Cette organisation avait en effet rappelé que la Grande île faisait partie des pays dont la transparence budgétaire était évaluée selon les normes internationales de l’enquête du budget ouvert, sur la base des documents publiés en 2018.

La Grande île avait alors enregistré un léger progrès dans la production des documents, un avancement dans l’aspect « contrôle par l’Institut chargée de l’audit » et un recul dans la participation du public au processus.

Or, « la promulgation des deux Lois de finances LFR 2019 et LFI 2020 par voie d’ordonnance, et le retard répété pour le dépôt et la publication des projets de Lois de Finances nuisent à la qualité d’analyse, constituent une entrave à la participation nécessaire des élus au processus budgétaire, fragilisent l’équilibre de la séparation des pouvoirs et restreignent les opportunités de débats autour des projets de Lois avant son adoption », explique le TI-IM pour expliquer une éventuelle régression à l’issue de la prochaine évaluation de Madagascar.

Aussi, puisque la transparence est depuis quelques temps « en vogue », les autorités sont appelées à s’y mettre réellement.

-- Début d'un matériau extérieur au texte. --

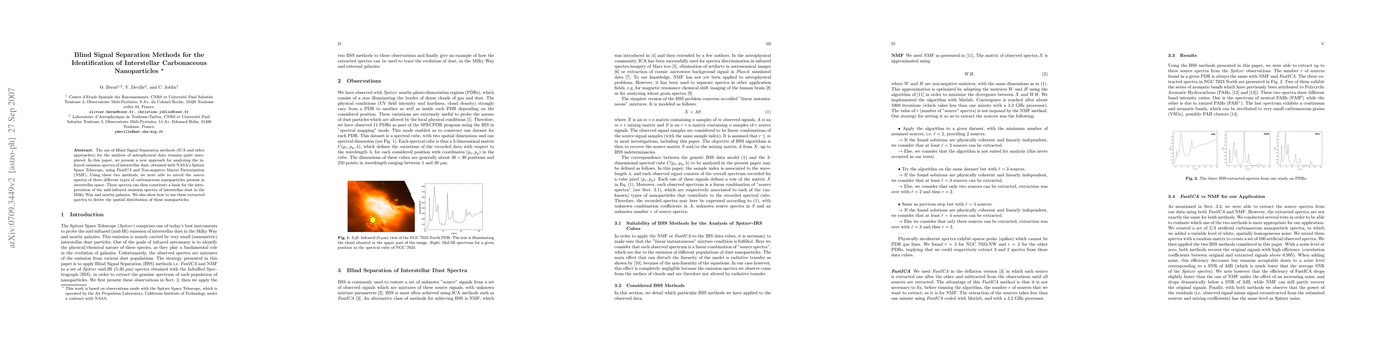 The use of Blind Signal Separation methods (ICA and other approaches) for the analysis of astrophysical data remains quite unexplored. In this paper, we present a new approach for analyzing the infrared emission spectra of interstellar dust, obtained with NASA's Spitzer Space Telescope, using FastICA and Non-negative Matrix Factorization (NMF). Using these two methods, we were able to unveil the source spectra of three different types of carbonaceous nanoparticles present in interstellar space. These spectra can then constitute a basis for the interpretation of the mid-infrared emission spectra of interstellar dust in the Milky Way and nearby galaxies. We also show how to use these extracted spectra to derive the spatial distribution of these nanoparticles.

Ce, en commençant cette fois-ci par la publication de la lettre de cadrage budgétaire (au moins un mois avant la publication du projet de Loi de Finances Initiale 2021), la publication du budget des citoyens (version simplifiée de la Loi de Finances) en même temps que la Loi de Finances initiale ou rectificative, ou encore la production du rapport d’audit 2018 cette année 2020 (qui aurait dû être effectué au mois de juin).